Эрен снова ринулся к сундуку. Снова опустился перед ним на колени и стал ковыряться в замке.
– Ну-ка посвети, – сказал он.
Морган повиновался.
Эрен стал быстро крутить колесики. Может быть, это… Да нет, вряд ли. Это же бессмысленно. Но другого трехзначного числа в голову не приходило. Так-так, готово! Замок щелкнул и открылся.
Морган ошарашенно смотрел на него:
– Что ты набрал? Ты что, просто…
– Послушай, Морган. Может, тебе, чтобы не забывать, и надо все записывать. Но вспомни, какое трехзначное число, непонятно зачем написанное, мы с тобой недавно видели?
– Понятия не имею.
– Имеешь, дорогой. Три-девять-один!

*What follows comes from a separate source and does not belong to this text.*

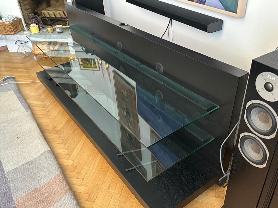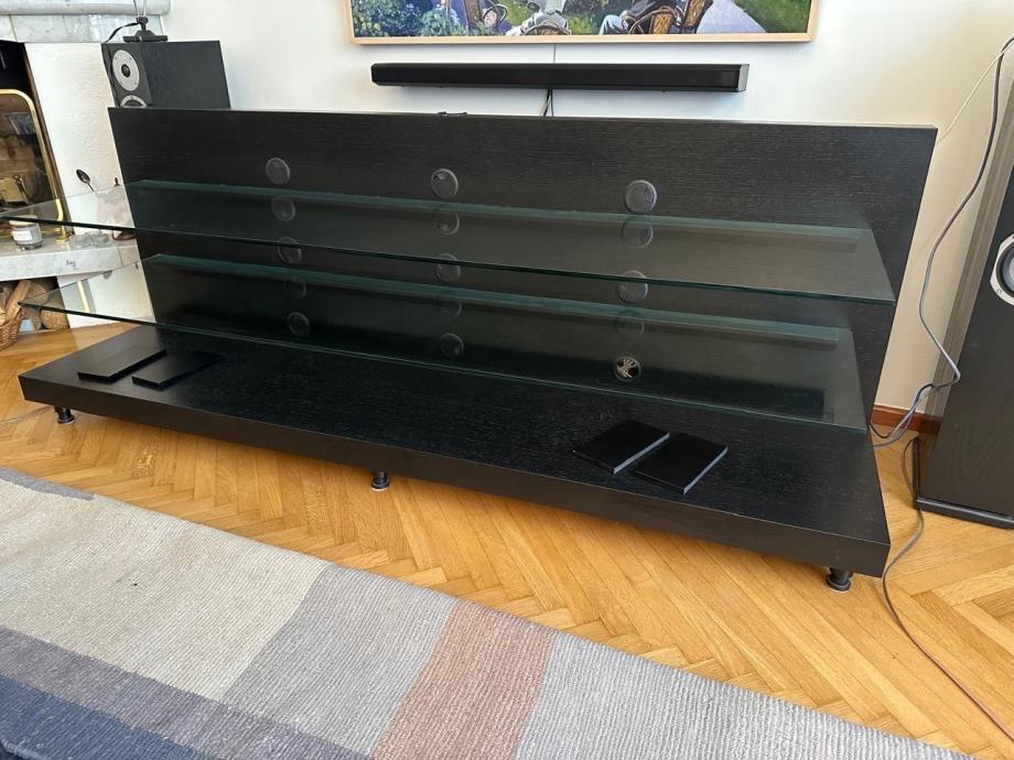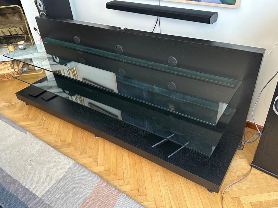 Prodajem crni TV/ HI-FI stol s policama od kaljenog stakla

Вспомни, на доске! В кабинете мистера Джеффериса. В общем, код к этому замку был три-девять-один!
– Погоди, какой код, говоришь? – спросил Морган. – А при чем здесь это? С какой стати код к сундуку, стоящему у тебя на чердаке, оказался на доске у мистера Джеффериса?
– Не знаю, – сказал Эрен и взялся за крышку сундука, хотя по спине его бегали мурашки. – Не знаю, – повторил он.
Некоторое время он не двигался, просто держался обеими руками за крышку. «Как же так? – думал он. – Разве такое возможно?» Но это не может быть совпадением. Тысяча комбинаций, а совпала именно эта. Число, нацарапанное мелом на доске его погибшим учителем… ведь в этом сундуке могут храниться ответы на все вопросы, теснящиеся у него в голове, вот почему он не торопился открывать крышку.
Рядом послышался шорох. Морган пробрался поближе и тоже взялся за крышку. Он потянул вверх, и Эрен присоединился. Наконец крышка откинулась. Внутри сундука было темно.
Мальчики осветили его фонариками, опасаясь, что там окажется пусто. Но нет. Его наполовину заполняли бумаги, многие были сложены в пачки и скреплены скрепками. Еще там лежало несколько фотографий, и на них Эрен узнал улыбающуюся мать.
Эрен взял одну пачку, снял скрепку. Не торопясь стал просматривать. Это были письма матери к его отцу. Письма, исполненные горячей любви. Каждое начиналось словами «Любимый мой» и заканчивалось «твоя Лиллит». Письма были длинные, на целую страницу, а некоторые даже – на две или три. Там говорилось о том, как сильно мать любит отца, подробно описывались их встречи.